I can fill the role of volunteer well, but caregiver? I had my doubts.
So, I told Chris I needed help. He told me about resources the American Cancer Society has, offered to email those to me, and told me to call back after I read over them with more questions.
I started this off by talking about the stories that bring people together.
But there’s something else about the American Cancer Society that keeps volunteers like myself coming back year after year.
It’s the team captains we meet at Relay For Life events. The ones who are coerced by co-workers or friends and family to take on the role only to later discover a loved one has been diagnosed.
Or watching a daughter put her arm around her mother at a Making Strides Against Breast Cancer event within days of the mother hearing those three little words that pack such a big punch.
It’s the bicyclists who travel 328 miles between Cleveland and Cincinnati.
It’s the families who depend on Hope Lodge locations to find some comfort in an unfamiliar time.
So, we return to Relay For Life events.
We return to Making Strides events.
We keep pedaling (well, I don’t — others do) at bike events, or buying daffodils or raffle tickets or walking tacos.
And, guess what?
Cancer survival rates are increasing.
Prevention and early detection programs are working.

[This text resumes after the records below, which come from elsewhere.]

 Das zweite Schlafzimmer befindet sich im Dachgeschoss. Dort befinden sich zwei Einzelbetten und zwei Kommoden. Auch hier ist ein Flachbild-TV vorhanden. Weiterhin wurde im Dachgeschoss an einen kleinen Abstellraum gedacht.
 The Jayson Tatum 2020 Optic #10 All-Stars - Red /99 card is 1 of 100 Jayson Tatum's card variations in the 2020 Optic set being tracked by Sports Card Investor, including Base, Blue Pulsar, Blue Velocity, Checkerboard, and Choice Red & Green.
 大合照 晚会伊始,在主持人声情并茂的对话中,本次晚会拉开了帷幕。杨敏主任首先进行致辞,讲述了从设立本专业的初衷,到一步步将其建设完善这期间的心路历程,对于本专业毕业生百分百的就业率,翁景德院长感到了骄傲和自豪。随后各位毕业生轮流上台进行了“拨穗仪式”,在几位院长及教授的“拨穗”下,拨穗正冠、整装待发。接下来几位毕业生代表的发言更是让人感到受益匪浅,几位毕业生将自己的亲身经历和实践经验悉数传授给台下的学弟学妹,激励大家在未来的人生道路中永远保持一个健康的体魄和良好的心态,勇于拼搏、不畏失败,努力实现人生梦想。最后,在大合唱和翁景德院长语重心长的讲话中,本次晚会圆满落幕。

It’s working every day in our communities from Anderson Township to Perrysburg, Ohio, from Belmont County, to Ashtabula, Ohio, from Erie to Greene County, Pa., and from West Chester to Montrose, Pa, with Relay For Life events; and from Philadelphia to Washington, Pa., and from Jefferson County to Lima, Ohio, with Making Strides Against Breast Cancer walks; and to our bike events and other fundraising events … what … you … are … doing … is … working.

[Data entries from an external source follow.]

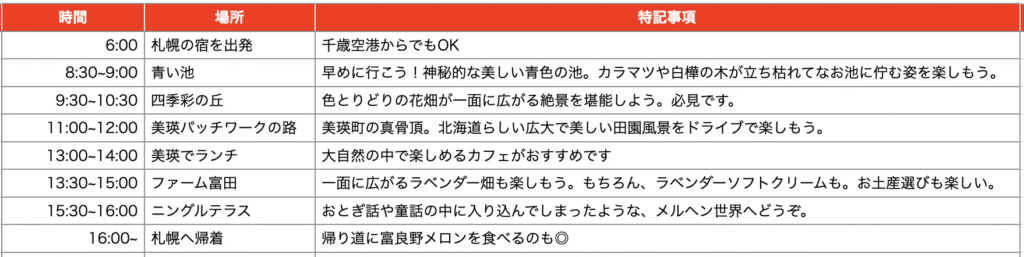 日帰りではなくとも、1泊2日(たとえば夕方に新千歳空港に到着し、夜に富良野に移動)の場合でも、このモデルコースは参考になるかなと思います。
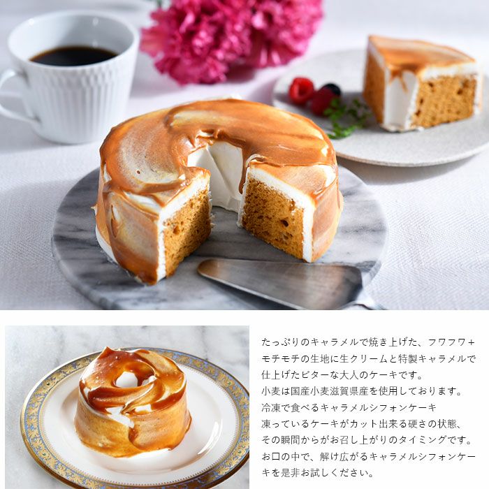 他の画像を見る 特製キャラメルで仕上げたビターな大人のシフォンケーキ キャラメルシフォンケーキ 販売価格 ¥ 4,000 税込 特製キャラメルで仕上げたビターな大人のシフォンケーキ 詳細を見る お気に入りに登録する
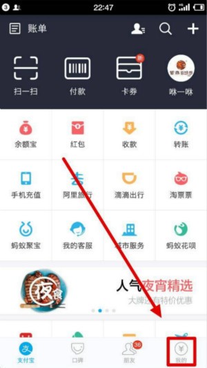 1、打开手机支付宝账户,出现以下页面。点击该页面中红色小圈表明的位置“我的”。
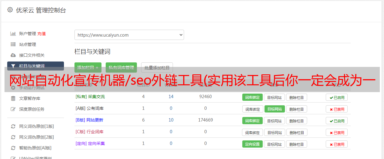 优采云 发布时间: 2021-12-28 17:13网站自动化宣传机器/seo外链工具(实用该工具后你一定会成为一位牛B的站长)
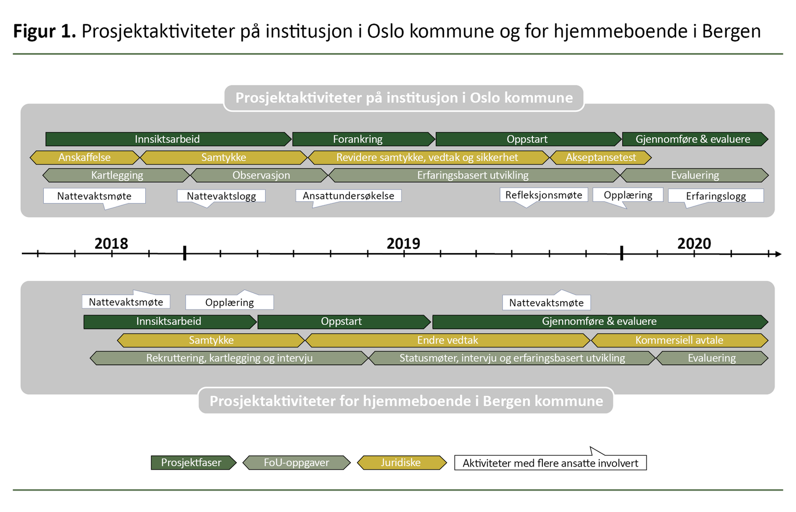 Brukere, pårørende og ansatte ved begge utprøvingsstedene ble informert om prosjektet og hva kamerabasert tilsyn ville innebære for dem som deltakere. I Bergen kommune ble det innhentet skriftlig informert samtykke fra alle brukere og pårørende som deltok. På Økernhjemmet ble det innhentet samtykke fra pårørende eller verge for brukerne. Figur 1 under gir en tidslinje for aktivitetene i prosjektet.

We ARE fighting cancer. And we ARE saving lives.
Every day, the American Cancer Society is saving lives.
Thousands and thousands of calls are made each year to the National Cancer Information Center.
Thousands of nights of free or reduced-rate lodging are provided to cancer patients and their families traveling away from home for treatment.
Thousands of cancer patients who are uninsured or on Medicaid receive assistance.
Those are great stories to tell.
But this next one blows my mind.
There’s about $26 million in nearly 40 research grants in Pennsylvania, as of Aug. 1, 2021.
We are fighting cancer. And we are saving lives.
But we only can do better if we share our stories and work together.
We need to keep building relationships so we have more stories to tell.